According to the Wikipedia page, a Wiener process is almost surely Hölder continuous with exponent $1/2 - \epsilon$ for any $\epsilon > 0$. (We won't prove this.) Naively, then, we can at least expect that the Riemann sums of a Wiener process would converge at a rate of at least $\mathcal O(1/\sqrt{n^{1-\epsilon}})$ for any $\epsilon > 0$. Similarly, if $f(x,y)$ is a smooth function $\mathbb R^2\to \mathbb R$, we can expect the Riemann sums for the integral $\int_0^1 f(t, W_t) ~ dt$ to converge at this rate as well. But can we hope for anything better?

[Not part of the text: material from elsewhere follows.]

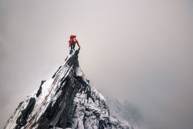Người leo núi đứng trên đỉnh Täschhorn thuộc dãy núi Alps ở Thụy Sĩ.
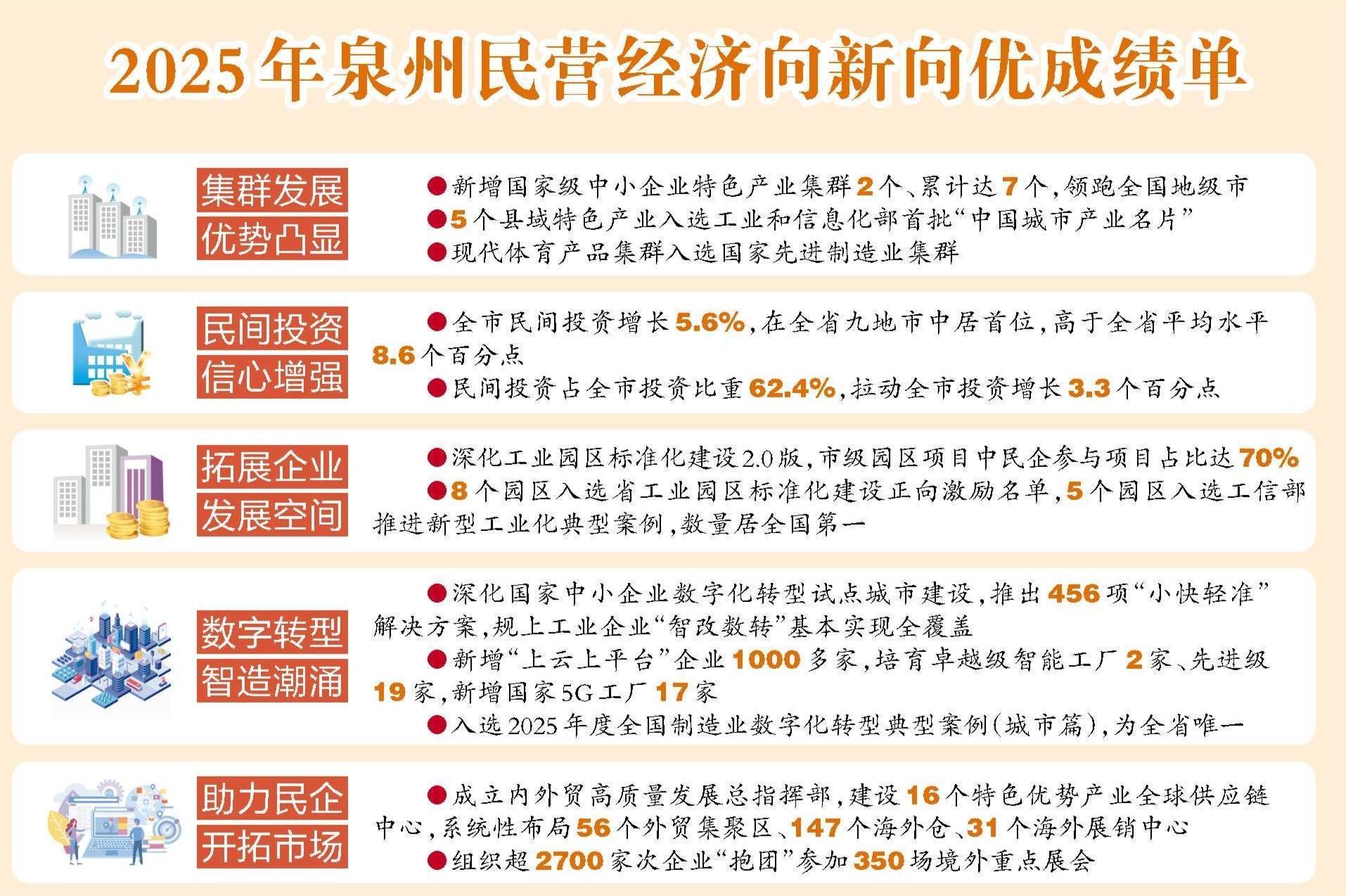 今年1月,泉州印发《关于实现2026年一季度经济社会发展良好开局的若干措施》,从持续提振消费、加力扩大有效投资、促进实体经济稳定增长等多方面推出34条具体措施。其中,在激发民间投资活力方面,明确加大力度向民间资本推介优质重大项目,力争一季度全市新增储备推介项目总投资超10亿元。在优化企业融资支持上,引导更多金融资源向民营企业倾斜,做大民营企业贷款规模;继续发挥支持小微企业融资协调工作机制作用,开展银企对接,用好中小微企业融资增信基金等,为民营企业注入“金融活水”。

Surprisingly, the answer is yes! We can actually say that the errors will converge at a rate of $\mathcal O(1/n^{1-\epsilon})$ almost surely (with probability one) for any $\epsilon > 0$, which is nearly as good as the Riemann sum convergence rate for a continuously differentiable function. (Actually, we can do a bit better than this, as we will see.) The "spikiness" of the Wiener makes this argument difficult, but its random up-and-down fluctuations saves the day, allowing us to argue that positive and negative errors will "cancel out" to a sufficient extent on average that we can guarantee the same convergence rate as we could with a continuously differentiable function.

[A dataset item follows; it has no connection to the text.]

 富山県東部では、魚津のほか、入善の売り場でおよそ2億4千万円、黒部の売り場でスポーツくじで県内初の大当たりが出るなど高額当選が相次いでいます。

To see why, let's consider left Riemann sums approximating the integral of $f(t,W_t)$ on $[0,1]$. By the smoothness of $f$, for small differences $\Delta t$, we have the following Taylor expansion about $t$: $f(t+\Delta t,W_{t + \Delta t}) = f(t,W_t) + \frac{\partial f}{\partial t}(t,W_t)\cdot \Delta t + \frac{\partial f}{\partial W} (t,W_t)\cdot \Delta W + \mathcal O(\Delta t^{3/2-\epsilon})$ where we have made use of the fact that $W_t$ is almost surely Hölder continuous with exponent $1/2-\epsilon$ to collapse the higher-order terms into the error term $\mathcal O(\Delta t^{3/2-\epsilon})$. This means that the error in the left Riemann sums can be bounded as follows: $\bigg|\int_0^1 f(t,W_t)dt - \frac{1}{n}\sum_{i=0}^{n-1} f\Big(\frac{i}{n}, W_{i/n}\Big)\bigg| \leq \frac{1}{n}\Big\lVert\frac{\partial f}{\partial t}\Big\rVert_\infty + \bigg|\frac{1}{n}\sum_{i=0}^{n-1} \frac{\partial f}{\partial W}(i/n, W_{i/n})\cdot \Delta W_{i/n}\bigg| + \mathcal O(\Delta t^{3/2-\epsilon})$ where $\lVert\cdot\rVert_\infty$ represents the supremum, so that $\lVert \partial f/\partial t\rVert_\infty$ is an upper bound on the partial of $f$ with respect to $t$. In the second term of this upper bound, note that each $\Delta W_{i/n}$ is a normally distributed random variable with variance $1/n$, hence each term $i$ of the sum has variance given by $\frac{1}{n}\bigg|\frac{\partial f}{\partial W}(i/n, W_{i/n})\bigg|\leq \frac{1}{n}\Big\lVert \frac{\partial f}{\partial W}\Big\rVert_\infty$ Summing all of these $n$ terms gives a normally distributed random variable with overall variance upper-bounded by $\lVert \partial f/\partial W\rVert_\infty$. Call this random variable $E_n$, so that we have $\bigg|\int_0^1 f(t,W_t)dt - \frac{1}{n}\sum_{i=0}^{n-1} f\Big(\frac{i}{n}, W_{i/n}\Big)\bigg| \leq \frac{1 + |E_n|}{n}\Big\lVert\frac{\partial f}{\partial t}\Big\rVert_\infty + \mathcal O(\Delta t^{3/2-\epsilon})$ If $E_n$ is a sequence of normally distributed random variables with bounded variance, then it is not difficult to show that $E_n = \mathcal O(n^\epsilon)$ with probability one for any $\epsilon > 0$. With a bit more care, one can show that $E_n = \mathcal O(\sqrt{\log n})$ with probability one. This tells us that the errors in the left Riemann sums for this integral converge at a rate of $\mathcal O(\sqrt{\log n}/n)$ (or $\mathcal O(1/n^{1-\epsilon})$, if you prefer the weaker estimate) almost certainly.

The key step in this proof is where we used the fact that variance is additive when adding Gaussians together. This distinguishes $W_t$ from other functions that are merely Hölder continuous. If $w(t)$ is a general function that is Hölder continuous with exponent $\alpha < 1$, then the most we can say about the sum of the differences $\Delta w(i/n)$ weighted by the values of $\partial f/\partial W$ is that they are bounded by $\sqrt{n}$. But due to the "independent increments" property of a Wiener process, it guarantees that these differences almost certainly cancel sufficiently to bound this sum by $\sqrt{\log n}$.